Fon : Aaah~ makasih udah dibilang imut, SunakumaKyumin-san ^^ ehm, kenapa nggak dikasih liat? Itu rahasia perusahaan, hehehe~

Akira : Sebenarnya sih, lebih karena aku diancam akan di kamikorosu sama tiga makhluk itu kalau nyeritain apa yang terjadi sama mereka, SunakumaKyumin-san.

Alaude, Kyou, dan Kyouya : #pura-pura nggak dengar

Fon : Review lagi? ^^

Akira : Oke, lanjut ke Kazue Ichimaru! Al?

Alaude : Itu... pertama kalinya kita ngerasain secara langsung bagaimana angkernya Fon dalam mode yandere. Eniwei, ini udah lanjut.
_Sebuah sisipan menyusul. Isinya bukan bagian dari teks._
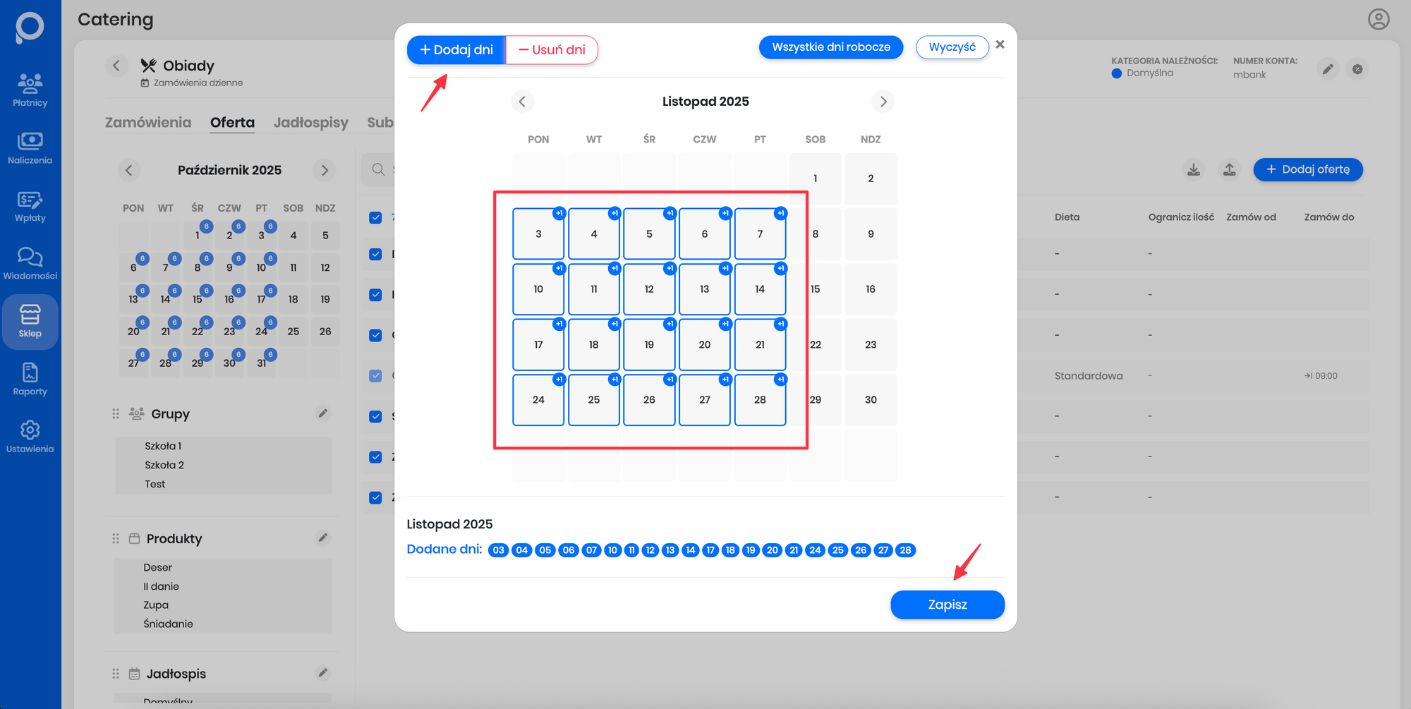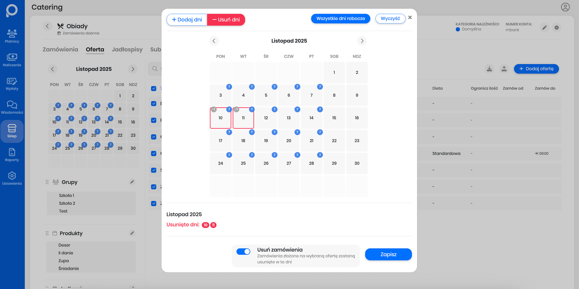 Dni, które chcemy usunąć zaznaczą się w kalendarzu na czerwono i wyświetli się suwak "Usuń zamówienia". Należy go zaznaczyć, jeżeli chcesz by system odwołał wszystkie zamówienia, które użytkownicy zdążyli złożyć na dany dzień przed usunięciem oferty. Aby zatwierdzić usunięcie należy kliknąć przycisk "Zapisz".

Review lagi?

Fon : Makanya, kalau mau motong rumput itu hati-hati ya~ hehehe

Akira : Dari Tanaka Aira! Yang belom... Kyou!

Kyou : Di chap ini, Kakak bule tak jadiku yang menyebalkan itu sudah banyak muncul. Jadi, secara tak langsung request sudah terpenuhi yaa... #kasih tisu. Bersihkan nosebleed-mu itu Herbivora.
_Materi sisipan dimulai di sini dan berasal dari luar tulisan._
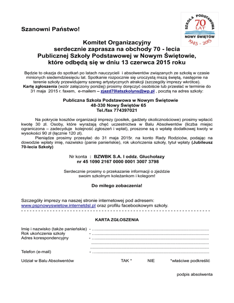 Szanowni Państwo! Komitet Organizacyjny serdecznie zaprasza na obchody 70 - lecia Publicznej Szkoły Podstawowej w Nowym Świętowie, które odbędą się w dniu 13 czerwca 2015 roku Będzie to okazja do spotkań po latach nauczycieli i absolwentów związanych ze szkołą w czasie minionych siedemdziesięciu lat. Spotkanie rozpocznie się uroczystą mszą świętą, następnie na terenie szkoły przewidujemy szereg artystycznych atrakcji (szczegóły imprezy wkrótce). Kartę zgłoszenia (wzór załączony poniżej) prosimy doręczyć osobiście lub przesłać w terminie do 31 maja 2015 r. faxem, e-mailem – [email protected] , pocztą na adres szkoły: Publiczna Szkoła Podstawowa w Nowym Świętowie 48-330 Nowy Świętów 65 Tel./fax 774397021 Na pokrycie kosztów organizacji imprezy (posiłek, gadżety okolicznościowe) prosimy wpłacić kwotę 30 zł. Osoby, które wyrażają chęć uczestnictwa w Balu Absolwentów (liczba miejsc ograniczona – zadecyduje kolejność zgłoszeń i wpłat), proszone są o wpłatę dodatkowej kwoty w wysokości 90 zł (łącznie 120 zł). Pieniądze prosimy przesyłać do 31 maja 2015r. na konto Rady Rodziców, podając na dowodzie wpłaty imię, nazwisko (panie panieńskie), rok ukończenia szkoły, tytuł wpłaty (Jubileusz 70-lecia Szkoły) Nr konta : BZWBK S.A. I oddz. Głuchołazy nr 45 1090 2167 0000 0001 3007 3798 Serdecznie prosimy o przekazanie informacji o zjeździe swoim szkolnym koleżankom i kolegom! Do miłego zobaczenia! Szczegóły imprezy na naszej stronie internetowej pod adresem: www.pspnowyswietow.internetdsl.pl oraz profilu facebookowym szkoły. -----------------------------------------------------------------KARTA ZGŁOSZENIA Imię i nazwisko (także panieńskie) - ….............................................................................................. Rok ukończenia szkoły - ….............................................................................................. Adres korespondencyjny - ….............................................................................................. .................................................................................................. ................................................................................................... Telefon (e-mail) - ….............................................................................................. Udział w Balu Absolwentów TAK * NIE *właściwe podkreślić podpis absolwenta

Akira : Jangan dingin begitu dong, Kyou. Di chapter ini kan Alaude udah baik mau ngerawat kamu. Masih untung nggak langsung dimasukkin ke peti mati. Tuh, Kyouya udah nyiapin peti matimu dengan sangat senang hati dan riang gembira.

Kyou : #deathglare ke Akira and Kyouya.

Alaude : Silahkan di review lagi.

Akira : Dari Rieyu ne niih~ ayo, siapa yang mau bales? Hehehe

Kyouya : Siniin kertas Reviewnya. Hm. Ini sudah update, Rieyu ne. Kurasa chapter ini sudah cukup panjang? Apa masih belum? Untuk pair, di chapter ini baru ada pair brothership si kakak kembar menyebalkanku itu, hehe... Mungkin nanti bakalan nyelip-nyelip dikit seiring berjalannya waktu.

Akira : Bahasamu kenapa rada melankolis begitu, Kyouya?

Kyouya : #ngasih kertas review sambil angkat bahu.

Akira : Review lagi, Rieyu ne? ^^ lalu, dari Kuro neko!

Alaude : Ini chapter terbarunya, semoga suka ya! Makasih pujiannya buat cerita ini, Kuro Neko. Apa chap ini masih kurang panjang? Oh, dan Fon itu –ehem, maksudku Fon-niisan itu emang serem. Seenaknya aja baca pikiran orang. Untuk humor, di chapter ini sepertinya berkurang ya. Author Herbivora itu baru sembuh dari WB, soalnya. Chap ini aja nggak tau jelas atau nggak. Ne, Review lagi?

Akira : Uhm... penname nya singkat sekali ya, hahaha~ K-san. Makasih udah review chap satu dan dua. Ah, gambar itu ya! Aku dah liat juga kok dan itu gambar Kawaaaiiiiii banget! :D

Fon : Salah satu moment yang langka kan? ^^ Review lagi?

Akira : Kaguya Himeko, Aaaah~ beneran samakah dengan di kartun Spongebob? Gomen kalau begitu. Tapi adegan itu memang murni tiba-tiba terlintas di pikiran Akira kok ^^a. Review lagi?

Kyou : Shizuka Miyuki. Yang bejat itu hanya Alaude ya, aku nggak termasuk.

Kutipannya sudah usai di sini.